> Exercise: Your copy of the listing must be exact and must hold no images.

> Dataset excerpt:
--*--
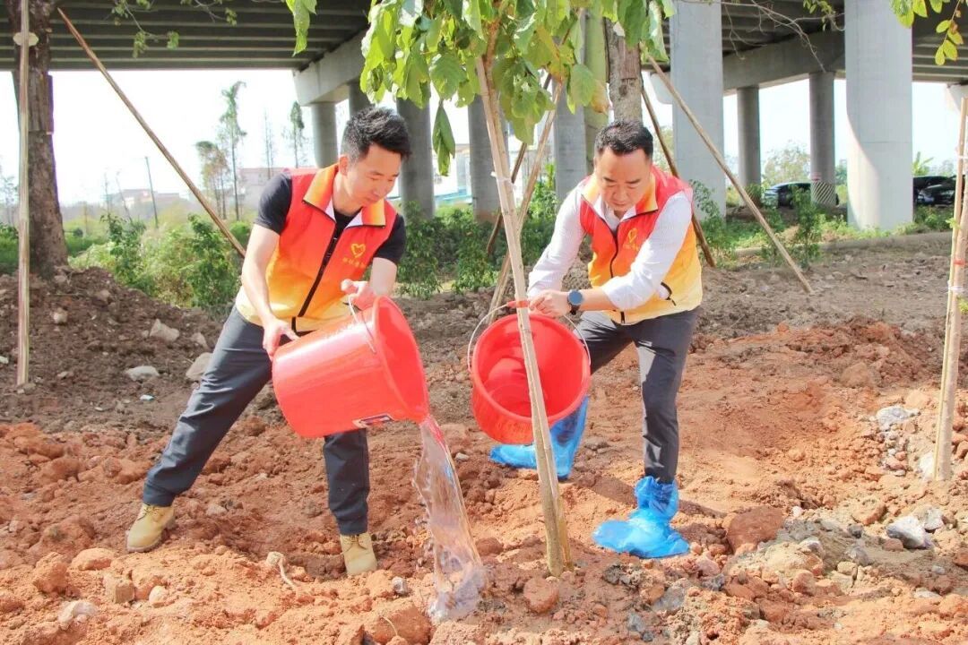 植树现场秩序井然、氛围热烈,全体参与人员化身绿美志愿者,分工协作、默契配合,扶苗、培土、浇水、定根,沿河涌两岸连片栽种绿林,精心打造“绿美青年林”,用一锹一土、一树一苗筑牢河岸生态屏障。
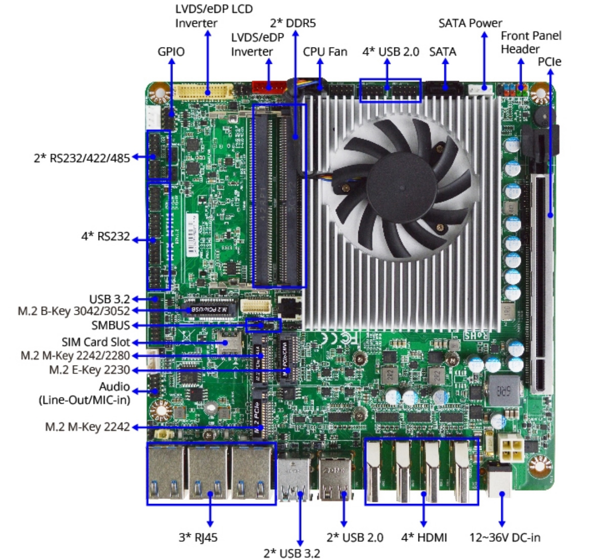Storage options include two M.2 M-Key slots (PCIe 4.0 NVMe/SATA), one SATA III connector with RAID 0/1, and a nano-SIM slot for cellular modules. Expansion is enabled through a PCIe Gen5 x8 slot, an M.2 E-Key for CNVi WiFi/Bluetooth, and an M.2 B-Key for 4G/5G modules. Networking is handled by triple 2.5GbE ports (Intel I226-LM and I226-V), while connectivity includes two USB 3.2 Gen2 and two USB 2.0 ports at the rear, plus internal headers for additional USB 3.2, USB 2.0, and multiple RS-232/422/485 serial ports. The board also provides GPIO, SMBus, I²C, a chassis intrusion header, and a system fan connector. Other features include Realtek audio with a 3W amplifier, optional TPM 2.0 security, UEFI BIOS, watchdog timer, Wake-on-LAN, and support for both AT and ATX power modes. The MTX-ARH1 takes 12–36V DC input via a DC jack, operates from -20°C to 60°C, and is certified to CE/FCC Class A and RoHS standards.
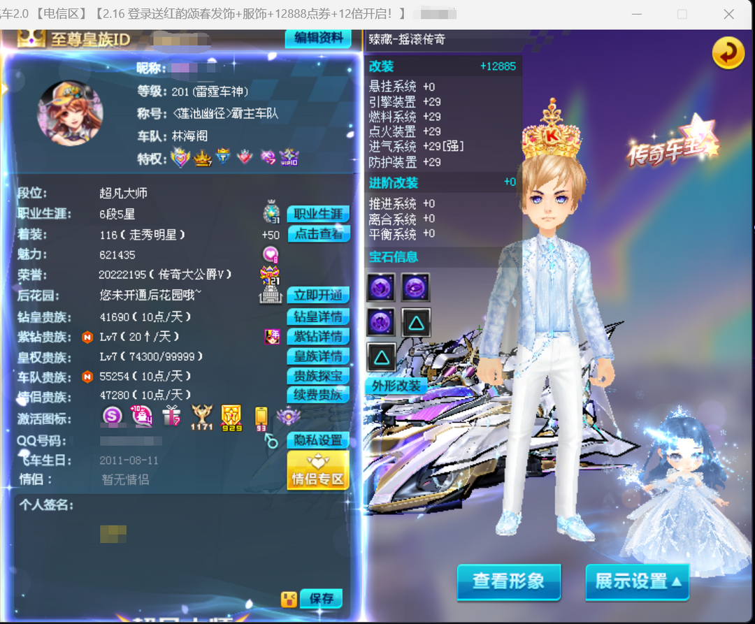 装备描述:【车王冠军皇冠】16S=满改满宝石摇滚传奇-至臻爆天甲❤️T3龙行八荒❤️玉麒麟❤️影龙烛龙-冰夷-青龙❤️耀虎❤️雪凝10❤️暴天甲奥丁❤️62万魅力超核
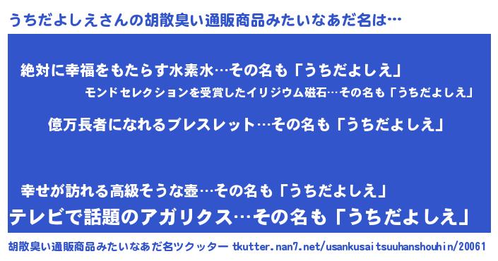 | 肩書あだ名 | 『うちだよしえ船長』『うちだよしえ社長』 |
--*--
> Task response:
 植树现场秩序井然、氛围热烈,全体参与人员化身绿美志愿者,分工协作、默契配合,扶苗、培土、浇水、定根,沿河涌两岸连片栽种绿林,精心打造“绿美青年林”,用一锹一土、一树一苗筑牢河岸生态屏障。
Storage options include two M.2 M-Key slots (PCIe 4.0 NVMe/SATA), one SATA III connector with RAID 0/1, and a nano-SIM slot for cellular modules. Expansion is enabled through a PCIe Gen5 x8 slot, an M.2 E-Key for CNVi WiFi/Bluetooth, and an M.2 B-Key for 4G/5G modules. Networking is handled by triple 2.5GbE ports (Intel I226-LM and I226-V), while connectivity includes two USB 3.2 Gen2 and two USB 2.0 ports at the rear, plus internal headers for additional USB 3.2, USB 2.0, and multiple RS-232/422/485 serial ports. The board also provides GPIO, SMBus, I²C, a chassis intrusion header, and a system fan connector. Other features include Realtek audio with a 3W amplifier, optional TPM 2.0 security, UEFI BIOS, watchdog timer, Wake-on-LAN, and support for both AT and ATX power modes. The MTX-ARH1 takes 12–36V DC input via a DC jack, operates from -20°C to 60°C, and is certified to CE/FCC Class A and RoHS standards.
 装备描述:【车王冠军皇冠】16S=满改满宝石摇滚传奇-至臻爆天甲❤️T3龙行八荒❤️玉麒麟❤️影龙烛龙-冰夷-青龙❤️耀虎❤️雪凝10❤️暴天甲奥丁❤️62万魅力超核
 | 肩書あだ名 | 『うちだよしえ船長』『うちだよしえ社長』 |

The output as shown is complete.